Je vais donc parler du film « Le fil de la vie« , de son vrai nom « strings », (moins poétique mais tout aussi évocateur) sorti en 2005 chez nous. Ce film a donc plus de 10 ans (déjà!).

Je tiens à en parler pour deux choses : la première c’est qu’il est -il me semble- un peu passé aux oubliettes et qu’il mérite un peu plus de reconnaissance, la seconde pour sa technique d’animation.

L’affiche est quelque peu mensongère : Zita n’est pas l’héroïne et il n’est pas question d’épée

J’avais déjà écrit un billet à chaud après mon visionnage de la série Thunderbolt Fantasy (qui a eu droit à un film et aura une seconde saison mais j’y reviendrai dans un prochain billet) qui utilisait des marionnettes, ce qui avait engendré un débat sur le fait de savoir si c’était de l’animation ou non. Ici, nous nous retrouvons peu ou prou avec la même choses : des marionnettes. Sauf qu’ici leur fonctionnement est un peu différent puisqu’elles ont des fils. C’est à la fois la force et la faiblesse du film mais j’y reviendrai. Mais d’abord un peu plus de détail sur le film en lui même.

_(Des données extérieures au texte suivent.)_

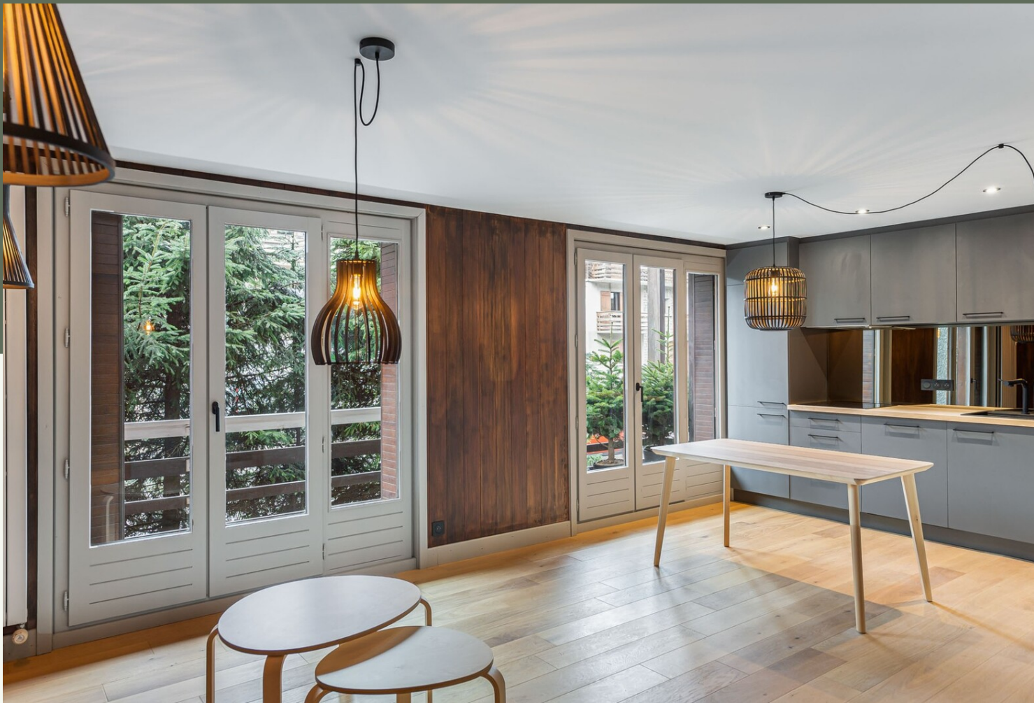
RENOVATED 3-BEDROOM APARTMENT - NEAR THE VILLAGE CENTRE . MEGÈVE
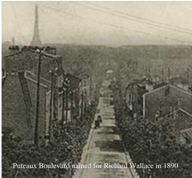
Puteaux Boulevard named for Richard Wallace in 1890
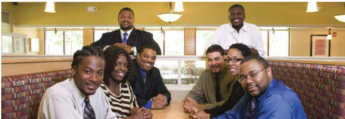
Owners and management of IHOP
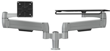
SpaceArm Double Hub SA01Z
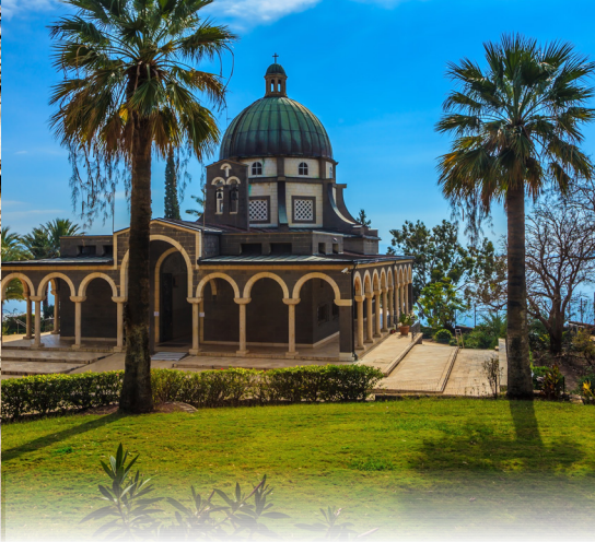
Mt. Of Beatitudes

Il s’agit donc d’un film d’animation sorti en 2005 en France avec une version française -que je n’ai malheureusement pas pu voir- et réalisé par Anders Ronnow-Klarlund. C’est une coproduction danoise, norvégienne, suédoise et britannique.

L’histoire débute au moment où le roi s’apprête à s’ôter la vie. Avant cela, il écrit une lettre à son fils Hal afin de lui expliquer son geste, ainsi que de le mettre en garde contre son oncle Nezo et l’acolyte de celui-ci, Ghrak. Il lui demande également de prendre soin de sa sœur Jhinna et de rétablir la paix entre leur peuple et les Zeriths. Malheureusement, Nezo trouve la lettre et fait passer le suicide en assassinat commis par leurs ennemis, lançant le fils dans une quête vengeresse pendant qu’il prend le pouvoir et déclare la guerre aux Zeriths.

L’intrigue du film est en somme très classique et aura un arrière goût de déjà vu. Néanmoins, c’est aussi cette inspiration des classiques gréco-romain (trahison, meurtre, vengeance, amour, rédemption, etc.) qui font aussi partie de son charme. L’histoire amène une certaine esthétique antique dans les décors, l’atmosphère et les tenus des personnages.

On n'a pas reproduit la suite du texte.